■ TASK DESCRIPTION ■
Reproduce, word for word, the lines in the material below starting with the one that has "Power Steering Gear" and going on through the one that has "Çayırova Belediyesi Park". Leave out all pictures.
MATERIAL FOR THIS TASK section start
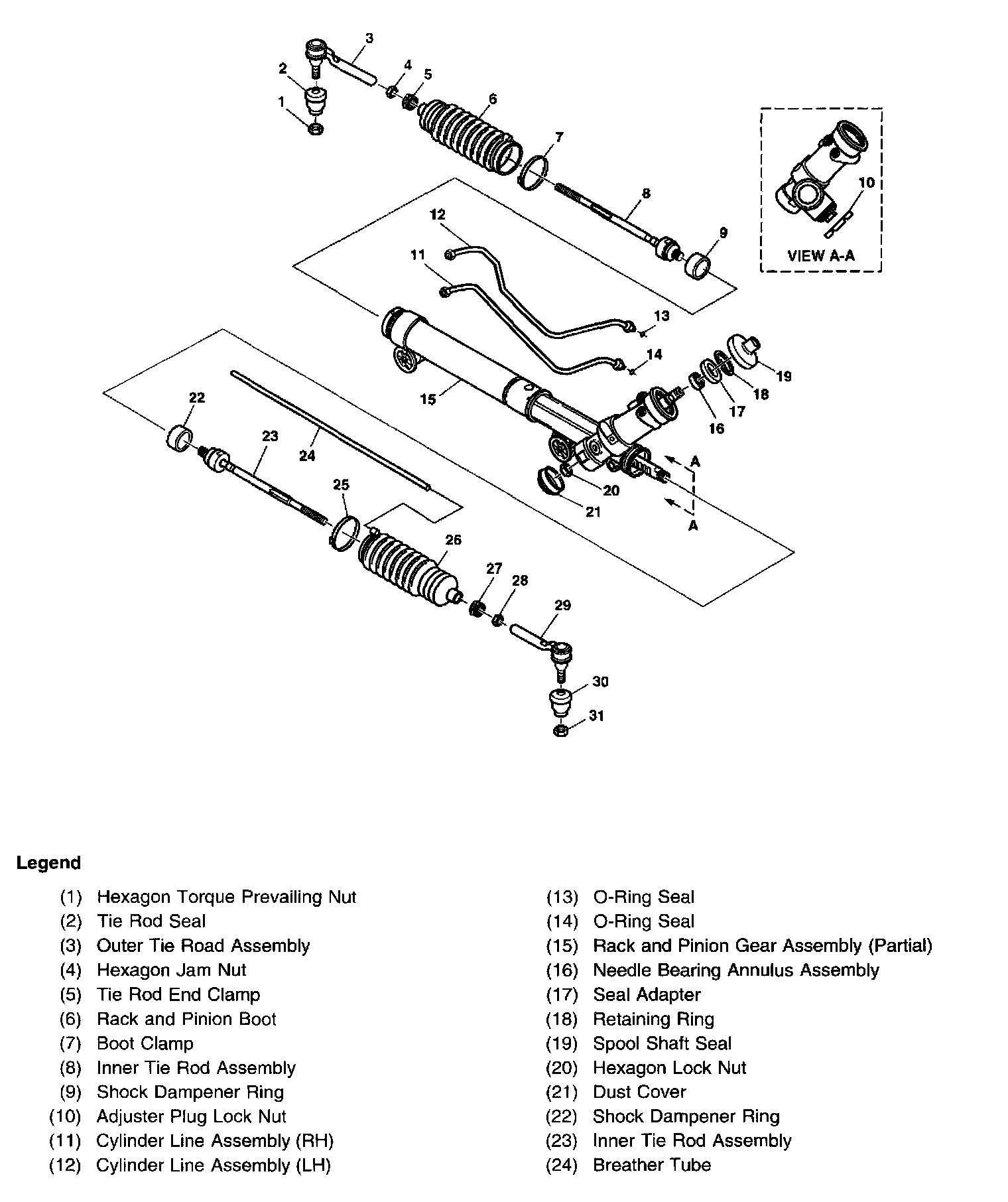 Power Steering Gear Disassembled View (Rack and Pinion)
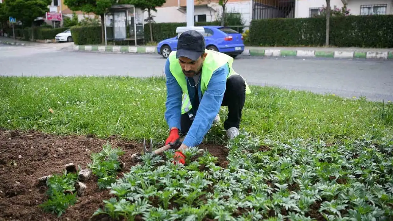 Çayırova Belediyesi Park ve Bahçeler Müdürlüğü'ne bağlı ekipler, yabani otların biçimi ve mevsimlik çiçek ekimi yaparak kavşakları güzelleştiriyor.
MATERIAL FOR THIS TASK section end
MATERIAL FOR THIS TASK section start
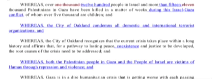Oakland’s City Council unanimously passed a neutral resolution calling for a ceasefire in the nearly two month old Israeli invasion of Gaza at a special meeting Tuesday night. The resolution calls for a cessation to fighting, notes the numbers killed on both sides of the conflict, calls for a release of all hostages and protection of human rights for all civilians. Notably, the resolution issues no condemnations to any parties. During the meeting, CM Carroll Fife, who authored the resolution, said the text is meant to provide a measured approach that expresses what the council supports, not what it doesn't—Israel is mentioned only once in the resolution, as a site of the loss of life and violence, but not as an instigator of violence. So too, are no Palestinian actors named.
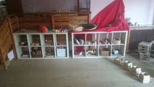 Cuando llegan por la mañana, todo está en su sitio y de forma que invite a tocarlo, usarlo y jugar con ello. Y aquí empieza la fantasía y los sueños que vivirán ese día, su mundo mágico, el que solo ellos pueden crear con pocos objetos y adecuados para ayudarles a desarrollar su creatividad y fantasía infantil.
MATERIAL FOR THIS TASK section end
■ RESPONSE FOR THIS EXERCISE ■
 Power Steering Gear Disassembled View (Rack and Pinion)
 Çayırova Belediyesi Park ve Bahçeler Müdürlüğü'ne bağlı ekipler, yabani otların biçimi ve mevsimlik çiçek ekimi yaparak kavşakları güzelleştiriyor.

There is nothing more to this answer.